Full Report
Darktrace and Cado said the new campaign highlights a shift towards alternative methods of mining cryptocurrencies
Analysis Summary
# Tool/Technique: Novel Cryptojacking Technique Targeting Docker
## Overview
A new cryptojacking malware campaign is targeting Docker environments. Instead of relying on heavily detected traditional methods like XMRig, this campaign utilizes a novel approach involving abuse of legitimate services (teneo.pro and Nexus Network client) to generate cryptocurrency rewards (teneo points/private crypto tokens).
## Technical Details
- Type: Malware Campaign / Technique (Cryptojacking)
- Platform: Docker Environments (Containers/Host)
- Capabilities: Gaining cryptocurrency rewards by pinging a legitimate service websocket without performing the intended computational tasks (scraping or ZK-compute).
- First Seen: April 2025 (based on article date)
## MITRE ATT&CK Mapping
*Note: Specific TTPs are inferred based on the activity described (initial access/execution not detailed, focus on persistence/resource abuse).*
- **TA0016 - Resource Development** (Inferred if attacker is deploying infrastructure)
- T1595 - Active Scanning
- **TA0004 - Privilege Escalation** (Inferred if container escape or host access is achieved)
- **TA0005 - Defense Evasion**
- T1078 - Valid Accounts (Abuse of legitimate service mechanisms)
- **TA0011 - Command and Control** (Inferred for initial setup)
- T1105 - Ingress Tool Transfer (If the malware package is downloaded)
- **TA0009 - Collection** (Resource abuse is the collection goal)
- T1496 - Resource Hijacking
- T1496.003 - Cloud Instance (Relevant to Docker/Container host systems)
## Functionality
### Core Capabilities
- Exploitation of Docker environments.
- Connection to the `teneo.pro` websocket to send 'keep alive' pings.
- Gaining 'teneo points' which convert to private crypto tokens without contributing computational work (scraping).
### Advanced Features
- *Stealth/Evasion:* Bypassing traditional cryptojacking detection by avoiding high CPU usage signatures associated with tools like XMRig.
- Utilizing legitimate decentralized network participation mechanisms (teneo.pro and Nexus Network client) for clandestine mining/reward acquisition.
- Deployment of Nexus Network client containers for distributed zero-knowledge compute tasks in exchange for cryptocurrency.
## Indicators of Compromise
- File Hashes: [Not specified in the provided text]
- File Names: Nexus Network client processes/containers.
- Registry Keys: [Not specified in the provided text]
- Network Indicators:
- Connection to `teneo.pro` websocket endpoints.
- Behavioral Indicators:
- Unnecessary 'keep alive' pings to specific target services for illegitimate reward accumulation.
- Execution of cryptocurrency client software (like Nexus Network client) within Docker containers instead of standard mining utilities.

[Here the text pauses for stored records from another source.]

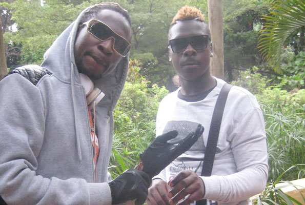 Singer Coco Finger (L) with his fan Jimmy Katende whom he told about his plans and why he has been off the radar. PHOTO by Isaac Ssejjombwe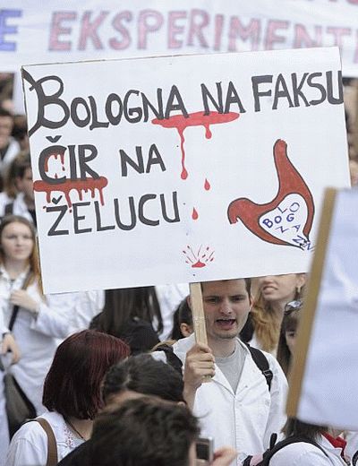 Koliko je Bolonja u banani sjetili su se javno reći jedva par mjeseci prije nego što će prva generacija prvostupnika nagrnuti na tržište rada. A koliko god željeli u ovom prosvjedu prepoznati nešto hvalevrijedno, teško se oteti dojmu kako su na kraju studenti ispali samo nadrkana gomila koja ne zna što točno hoće. Tijekom prosvjeda nisu kontaktirali niti išli razgovarati službeno niti s fakultetima, niti sa Sveučilištem niti s Ministarstvom. Ispada da su samo htjeli pokazati koliko su bijesni, demonstrirali su moć ali - što s tim?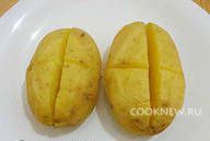 Чистим картошку от шкурки и глазков, если картошка крупная, советую ее разрезать, т.к. велика вероятность того, что она может быть внутри подпорчена (черные пятна, и другая ерунда), да и сварится быстрее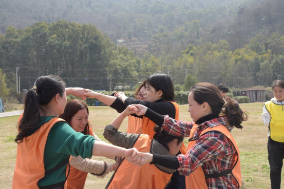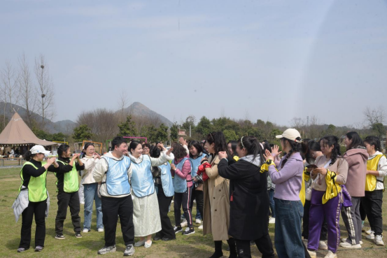 緊接著,女職工們在揉肩捶背、花開花落等熱身破冰運動后,組成5隊進行PK,團建趣味活動內容豐富多彩,既有跳大繩等傳統(tǒng)的體育項目,也有考驗團隊默契配合的“解手鏈”,還有考驗智慧的“算二十四點”。隊員們情緒高漲,各顯神通,使出渾身解數。整個賽場熱鬧非凡,口號聲、加油聲、吶喊聲、歡笑聲不絕于耳。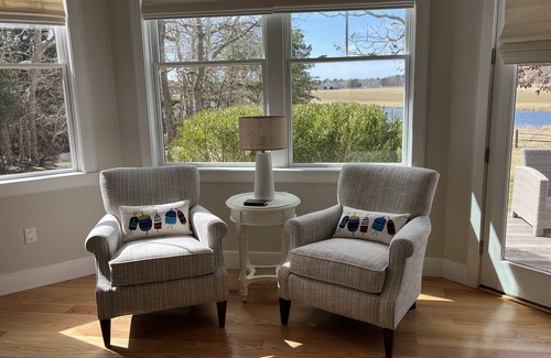 Peaceful four bedroom home in West Tisbury in private DEEP BOTTOM POND ASSOCIATION with landscaped lawn, pond views from almost every window, comfortable new upscale furnishings and teak deck furniture, Association tennis courts nearby, close to beaches at Lambert's Cove or South shore.Wifi and televisions, newly decorated, all amenities. Great family home for week or extended stays.Sleeps 8 including the fourth bedroom in the DEN with Queen sleep sofa.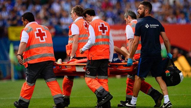 El jugador argentino, que empezaba el encuentro situado como lateral derecho, saltó para pugnar un balón con Marcos Llorente y en la acción sufrió un escandaloso corte en la cabeza. Tras unos minutos de incertidumbre, en los que se comprobó que el jugador seguía consciente, tuvo que ser retirado en camilla.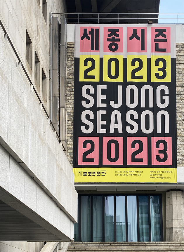 세종문화회관에서 올 한 해 자체 제작 공연 프로그램인 ‘세종시즌 2023’에 ⟨AG 마당 돋보임⟩을 사용했어요. 홈페이지와 광화문 일대의 배너, 공연 일정표에서 만나 보실 수 있어요.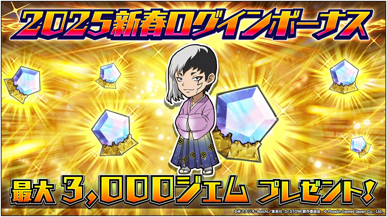 Dr.STONE バトルクラフト 新キャラ登場ガチャ及び最大3,000ジェムが貰える「2025新春ログインボーナス」開催

## Associated Threat Actors
- Not explicitly named, but implied to be sophisticated cryptojacking adversaries seeking to evade XMRig detection.
## Detection Methods
- Signature-based detection: Ineffective against the novel approach (avoidance of XMRig).
- Behavioral detection: Focus on detecting unusual network traffic patterns associated with web socket interactions on containerized systems that do not align with expected application functions or legitimate resource contributions. Monitoring for known Nexus Network client execution within unexpected contexts.
- YARA rules: [Not specified in the provided text]
## Mitigation Strategies
- **Image Security:** Ensure Docker images are free of known cryptocurrency mining code or unrelated services.
- **Resource Limits:** Apply strict CPU and memory limits on Docker containers to restrict the impact of potential cryptojacking activity, even if the method changes.
- **Network Segmentation/Monitoring:** Monitor outbound network connections from containers, specifically looking for connections to known or suspicious crypto service endpoints, or unexpected websocket interactions.
- **Least Privilege:** Ensure containers run with the lowest necessary privileges to limit lateral movement or damage.
## Related Tools/Techniques
- Traditional Cryptojacking using XMRig.
- Abuse of computational/distributed ledger projects for financial gain.